Saturday, 04/05/2014 5:04:17 PM

Saturday, April 05, 2014 5:04:17 PM

Post# of 3835
I have a friend who is a Gastroenterologist at a major U.S. hospital and asked him to review the Phase 1 Cohort 1 findings.

He isn't a liver specialist and doesn't know anything about GALT or the drug other than what is in the presentation but thought the results were very encouraging but also very early.

The most important thing to him was the absence of SAE's in the patients across the board, that is obviously a huge stumbling block for most new drugs.

He said, 'It will be interesting to see how the second group of patients, on a higher dose, respond. The main difficulty in this study is the lack of an easy marker to follow; the ones that are used are quite recent, without a strong track record; the biopsies remain the gold standard, then the elastography.'

I know the stock is down this week in reaction to the news but it is still up 50% from January 1st, 600% from January, 2013 and GALTW is up 1400% since January, 2013.

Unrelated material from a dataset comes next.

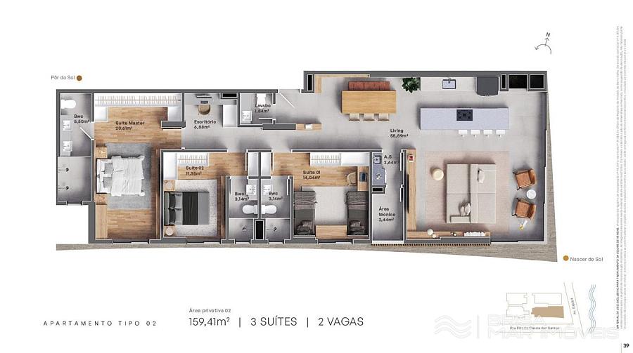 Plantas Final 01 e 02 Frente mar 3 suítes de 140,72m² e 159,41m² privativos

As I am a long term holder this week's events are the best news I've had in 5 years as the first human results track the animal results-GALT will clearly move to a Phase 2 trial and, with the Fast Track designation and no SAE's, it most likely wouldn't take much for the FDA to approve the drug for at least treatment of advanced liver disease, a market that has no cure other than a transplant.

Even if GR-MD-02 only extends life for those patients by several years without the need for a transplant (which is very, very risky) it provides a significant improvement for people with that disease and, as Tesla1 says, how long will the FDA want to wait before approving this drug when people are dying every day from liver failure?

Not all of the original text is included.